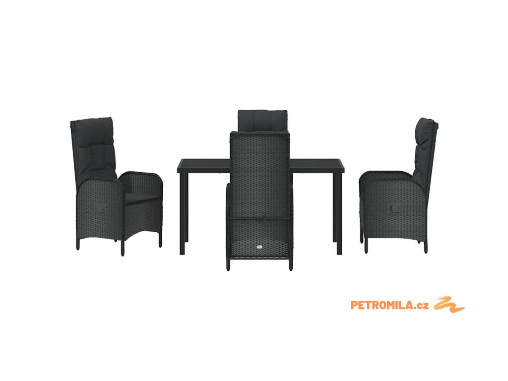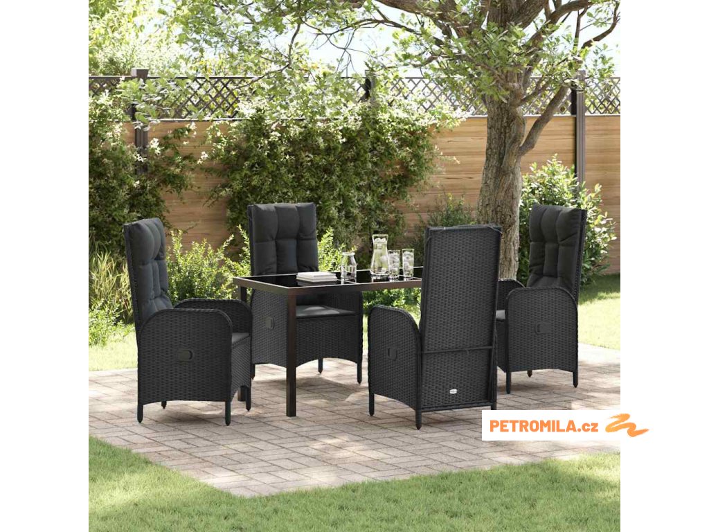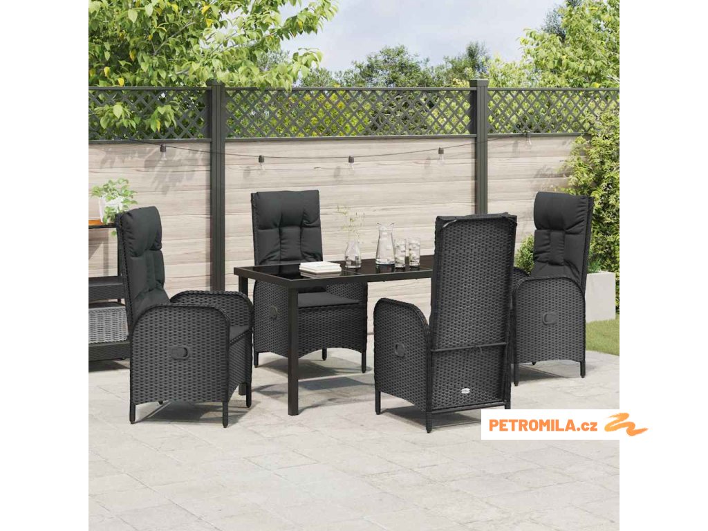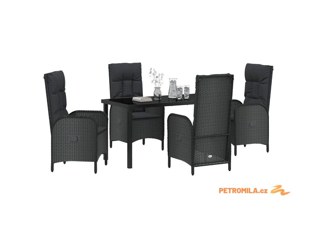 Zahradní jídelní souprava s polštářem 5 pcs Černá Poly ratan
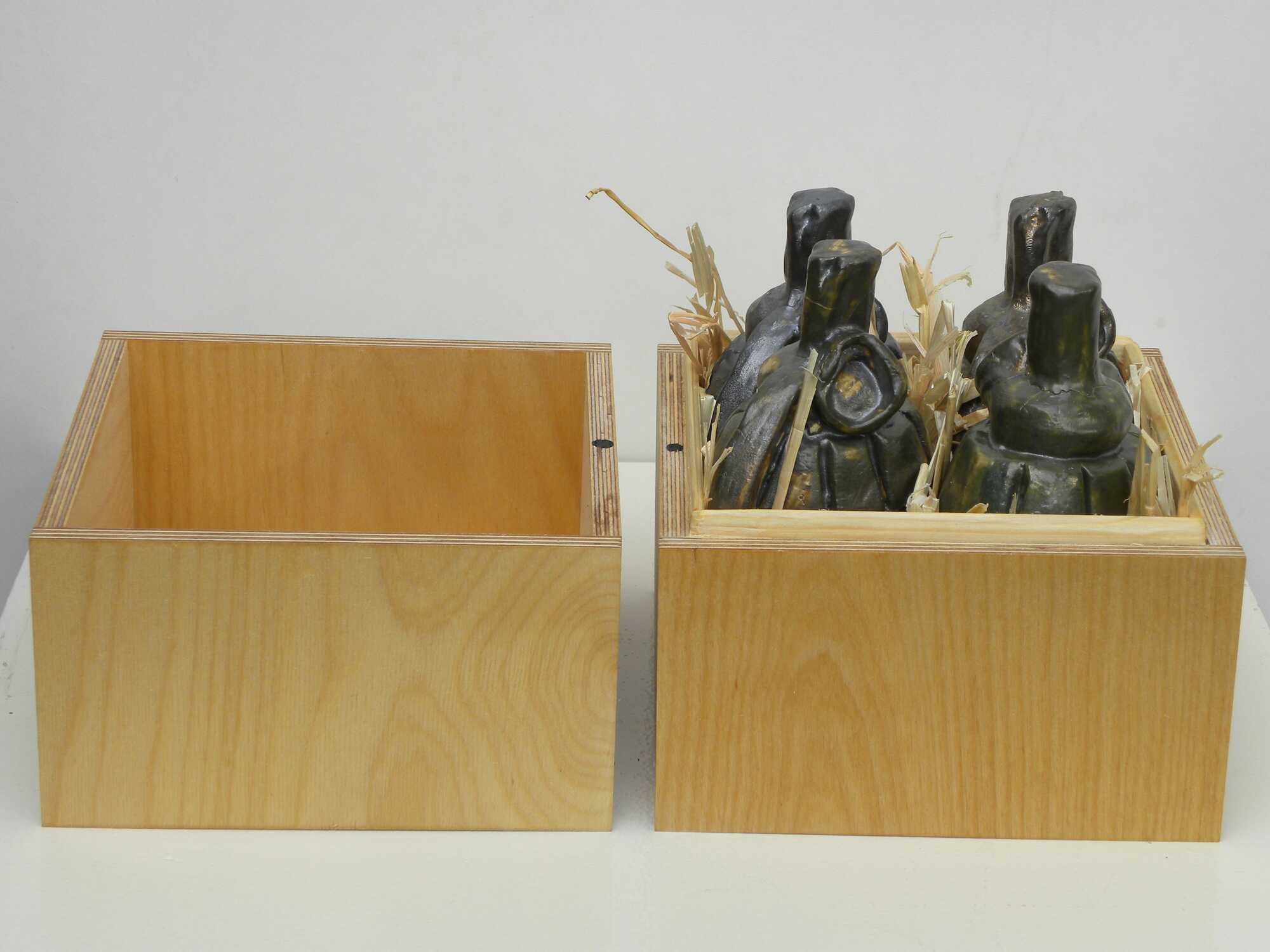 "Handgranaten", serielle Unikate, Gießkeramik in primär hergestellte Gipsform auf Tonmodell, Redoxglasur, Holzkasten, Stroh
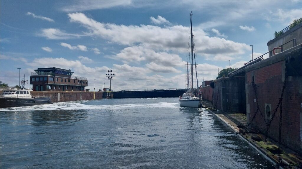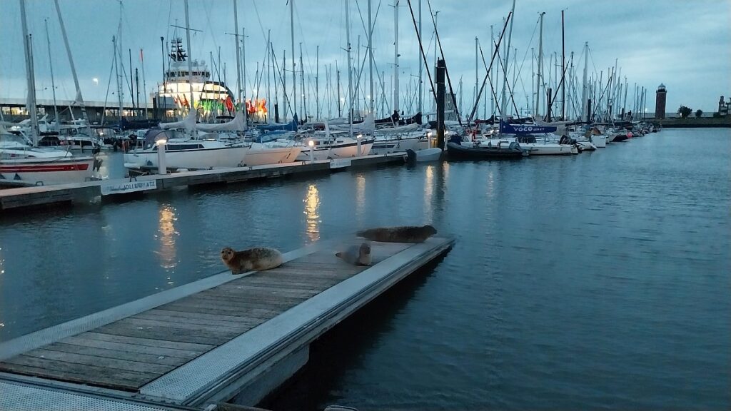 A cuxhafeni kikötő megközelítése nem zajlott teljesen dráma nélkül: az Elba torkolatánál, ahova a zsilip nyílik, a folyásirány 6 óránként megfordul az Északi-tenger árapálya miatt. Egy olyan géperővel rendelkező hajónak, mint a miénk, el kell találni azt a zsilipnyitást, ami az apályra enged ki, lehetőleg az elején, különben esélye sincs elérni Cuxhafent az erős szembeáramlás miatt. És közben az áramlás sebessége is változik… eleinte nagyon nehezemre esett átengedni a kormányt a többieknek, mert mi van, ha nem tudunk bemenni Cuxhafenbe? Nem kell hozzá sok, csak a kikötő előtt egy nagyhajó szemből: túlszaladunk, és az erősödő áramlással szemben nem fogok tudni visszamenni a kikötőig… ilyen gondolatok jártak a fejemben, miközben próbáltam élvezni az utazást, és nem halálra ijeszteni a többieket. Amikor ráfordítottam a hajó orrát a kikötő szájára, olyan mértékű sodródást tapasztaltunk, mint soha korábban. A végén behúzott vitorlákkal, a motort alapjáraton pörgetve, 7,5 csomós sebességgel drifteltünk be a kikötő száján, hogy aztán gyors ellenkormányzással kompenzáljuk a megszűnő sodrás hatását.
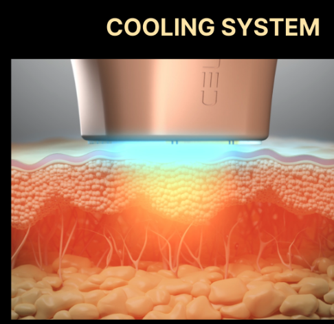 - Sistem pendinginan berdaya tinggi yang mendinginkan epidermis sekaligus fokus menghasilkan panas di dermis, mengurangi nyeri dan memaksimalkan efek rekonstruksi kolagen

* _Task item_
No pictures should appear in the copy. Print exactly the lines above from the line containing "Redoxglasur, Holzkasten, Stroh" through the last line of the data.

* _Response_
 "Handgranaten", serielle Unikate, Gießkeramik in primär hergestellte Gipsform auf Tonmodell, Redoxglasur, Holzkasten, Stroh
 A cuxhafeni kikötő megközelítése nem zajlott teljesen dráma nélkül: az Elba torkolatánál, ahova a zsilip nyílik, a folyásirány 6 óránként megfordul az Északi-tenger árapálya miatt. Egy olyan géperővel rendelkező hajónak, mint a miénk, el kell találni azt a zsilipnyitást, ami az apályra enged ki, lehetőleg az elején, különben esélye sincs elérni Cuxhafent az erős szembeáramlás miatt. És közben az áramlás sebessége is változik… eleinte nagyon nehezemre esett átengedni a kormányt a többieknek, mert mi van, ha nem tudunk bemenni Cuxhafenbe? Nem kell hozzá sok, csak a kikötő előtt egy nagyhajó szemből: túlszaladunk, és az erősödő áramlással szemben nem fogok tudni visszamenni a kikötőig… ilyen gondolatok jártak a fejemben, miközben próbáltam élvezni az utazást, és nem halálra ijeszteni a többieket. Amikor ráfordítottam a hajó orrát a kikötő szájára, olyan mértékű sodródást tapasztaltunk, mint soha korábban. A végén behúzott vitorlákkal, a motort alapjáraton pörgetve, 7,5 csomós sebességgel drifteltünk be a kikötő száján, hogy aztán gyors ellenkormányzással kompenzáljuk a megszűnő sodrás hatását.
 - Sistem pendinginan berdaya tinggi yang mendinginkan epidermis sekaligus fokus menghasilkan panas di dermis, mengurangi nyeri dan memaksimalkan efek rekonstruksi kolagen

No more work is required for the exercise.